In what was described in the official Budget 2014 document as “the most fundamental reform to the way people access their pensions in almost a century”, Mr Osborne announced that from April 2015, savers would be able to access defined contribution pension savings as they wish from the point of retirement, with no obligation to buy an annuity.
Mr Osborne said: “People who have worked hard and saved hard all their lives, and done the right thing, should be trusted with their own finances.
“And that’s precisely what we will do now…Pensioners will have complete freedom to draw down as much or as little of their pension pot as they want, anytime they want.”
Tax rules will also be changed to reflect the new flexibility.
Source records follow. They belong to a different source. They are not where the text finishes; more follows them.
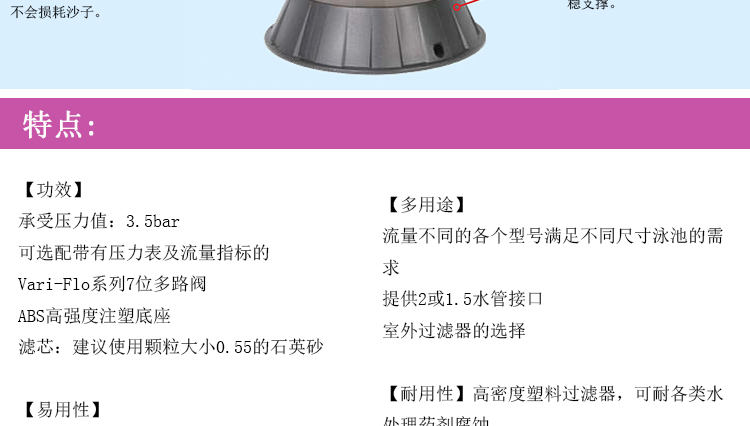 流量不同的各個型號滿足不同尺寸泳池的需求
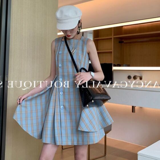 ワンピース ショート ショート丈 膝上 袖なし ノースリーブ スクエアネック 襟なし ノーカラー フレア Aライン アシンメトリー アシメ バイカラー 配色 大人可愛い きれいめ カジュアル 上品 おしゃれ レトロ こなれ感 ラフ キュート ガーリー 個性的 都会的 ラグジュアリー 存在感 抜け感 チェック柄 夏 10代 20代 30代 レディース 女性用 デート お出かけ 休日 パーティー イベント 旅行 ショッピング 特別 韓国系
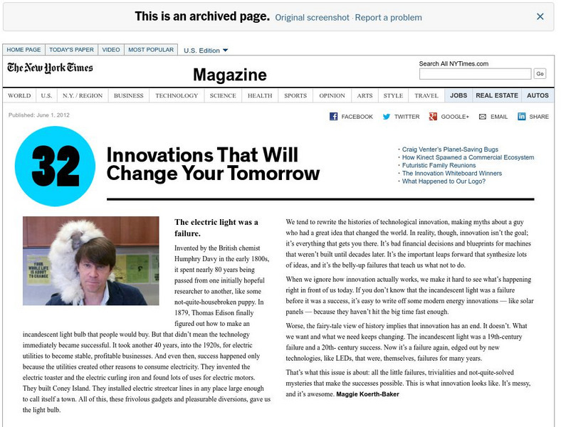 New York Times: 32 Innovations That Will Change Your Tomorrow

Under the current tax system, people are charged 55 per cent if they choose to withdraw all their defined contribution pension savings at the point of retirement, which makes an annuity that provides an income over the course of retirement the usual choice.
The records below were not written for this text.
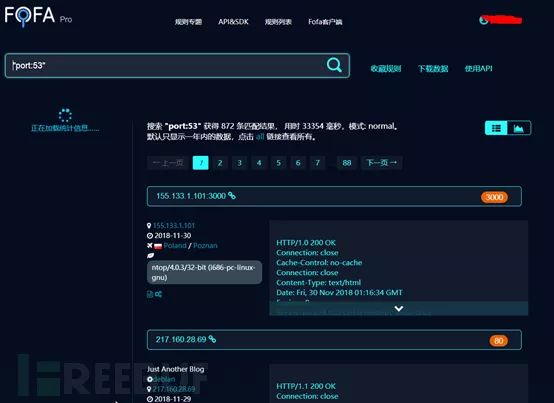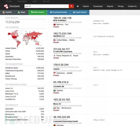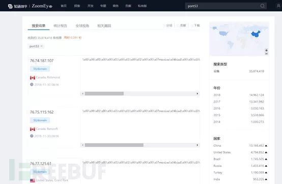 由于DNS协议 运行在 UDP 协议 之上,使用端口号53,所以可以使用一些特殊的搜索引擎来快速获取目标。
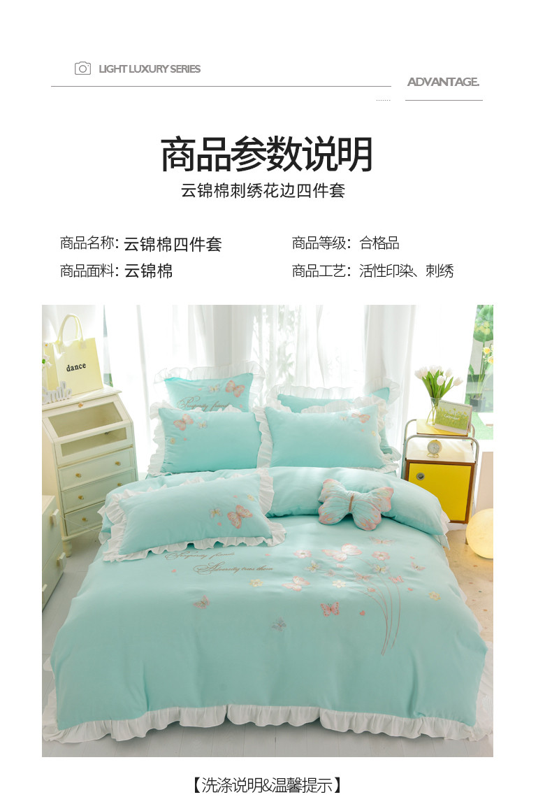 当前位置: 91家纺网 > 商品网购 > 床品套件 > 四件套 > 全棉普通四件套 > 丝印良品 2023新款云锦棉春卉四件套系列 春卉-碧绿
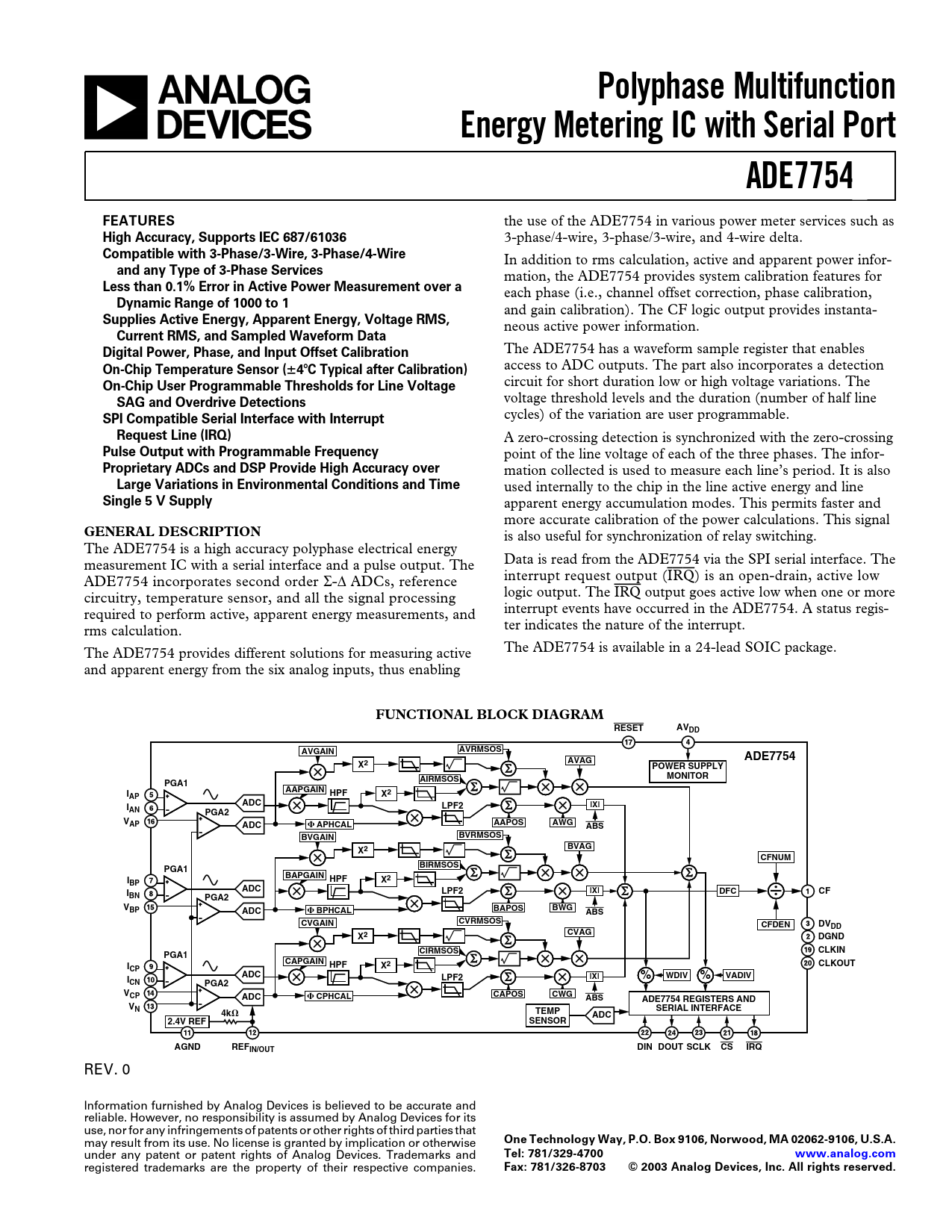 Polyphase Multifunction. Energy Metering IC with Serial Port. ADE7754. FEATURES. High Accuracy, Supports IEC 687/61036
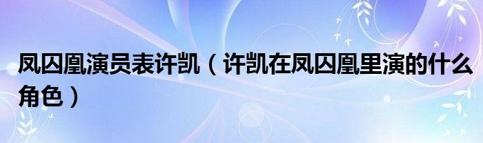 大家好,小生來為大家講解下。鳳囚凰演員表許凱,許凱在鳳囚凰里演的什么角色很多人還不知道,現在讓我們一起來看看吧!
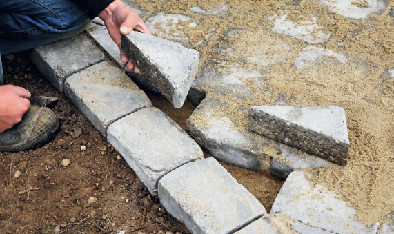 Jos haluat kiveyksesi ympärille näkyvän reunuksen, rakenna se ensin. Jos sen sijaan et halua reunojen näkyvän, työstä reunat vasta lopuksi. Näkyvä reunus koostuu betoniin asetetuista harkoista tai kivistä, jotka estävät muita kiviä työn-tymästä sivuun. Sama tulos saavutetaan näkymättömällä reunuksella, maakos-teaan betoniin tehdyllä kourulla, joka valetaan reunimmaisten kivien sivuun.
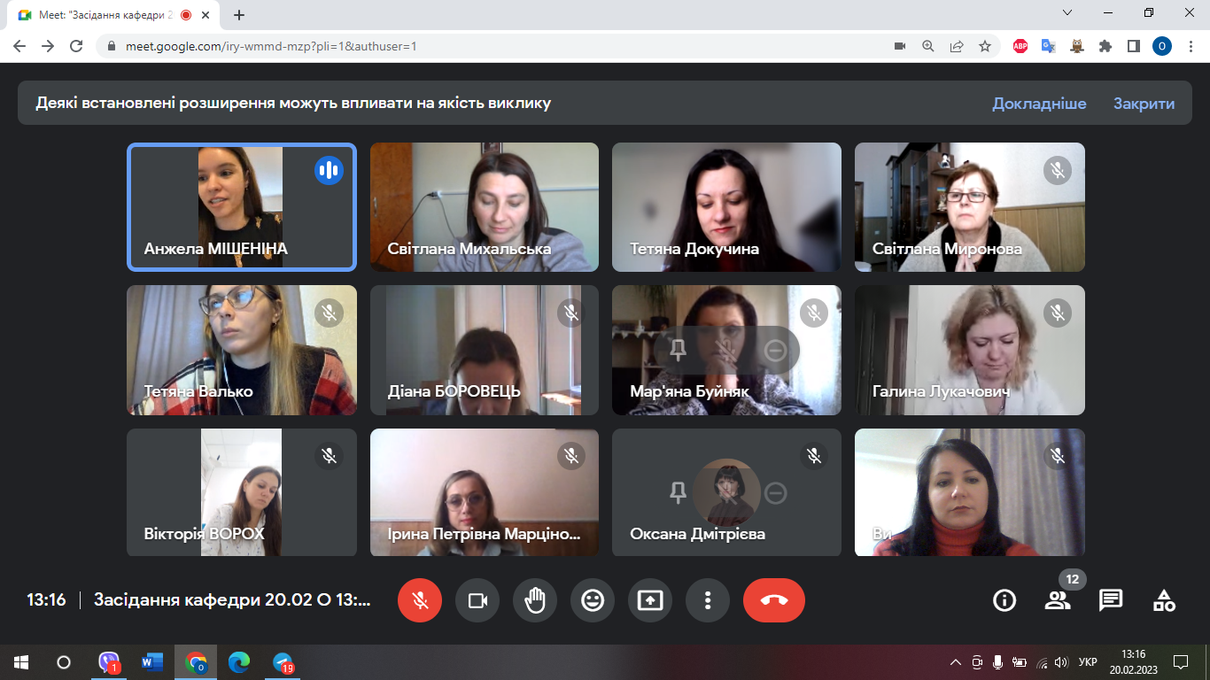 14 і 16 лютого асистент кафедри спеціальної та інклюзивної освіти Тетяна ВАЛЬКО взяла участь у чергових зустрічах учасників проєкту «Школа професійного розвитку викладачів К-ПНУ», спікером яких була Наталія КОВАЛЕНКО, учений секретар, доцент кафедри української мови, доктор філологічних наук.

Mr Osborne said: “It will still be possible to take a quarter of your pension pot tax-free on retirement, as today.
“But instead of the punitive 55 per cent tax that exists now if you try to take the rest, anything else you take out of your pension will simply be taxed at normal marginal rates, as with any other income – so not a 55 per cent tax but a 20 per cent tax for most pensioners.”
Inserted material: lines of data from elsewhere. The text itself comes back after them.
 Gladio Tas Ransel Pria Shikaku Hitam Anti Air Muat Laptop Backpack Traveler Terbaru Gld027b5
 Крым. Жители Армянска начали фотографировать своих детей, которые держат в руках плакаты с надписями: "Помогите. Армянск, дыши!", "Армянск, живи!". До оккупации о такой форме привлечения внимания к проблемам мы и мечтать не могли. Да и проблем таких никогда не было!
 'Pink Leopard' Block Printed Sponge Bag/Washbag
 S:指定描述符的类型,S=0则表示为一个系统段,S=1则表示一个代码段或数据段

The new arrangements mean that from April next year, new retirees will have the following options:
• they can buy an annuity
• they can take out all their pension savings in a lump sum
• they can keep their pension pot invested and access it over time.
More immediately, from 27 March 2014, new rules will be introduced, which the government says will give people “greater freedom and choice now over how to access their defined contribution pension”. They mean that:
• the amount someone can take of their total pension savings as a lump sum will rise from £18,000 to £30,000
• the size of a small pension pot that can be taken as a lump sum, regardless of total pension wealth, will increase from £2,000 to £10,000
• the number of personal pension pots that can be taken as a lump, under the small pot rules, will rise from two to three
• under capped drawdown, the maximum amount that can be withdrawn from a pension each year has been capped at 120 per cent of an equivalent annuity. This figure will rise to 150 per cent
• with flexible drawdown, there’s no limit on the amount that can be withdrawn from a pension pot each year, but the saver must have a guaranteed annual income in retirement of £20,000. This will be reduced to £12,000 per year.
Given all the changes, it is perhaps reassuring that another Budget announcement recognises that pension savers will need to comprehensive information to help them make the right decisions for their personal circumstances.
As a result, the government will introduce a new guarantee that everyone who retires with a defined contribution pension will be offered free and impartial, face-to-face guidance on their choices, at the point of retirement, with effect from April 2015, and is making £20 million available over the next two years to develop this initiative.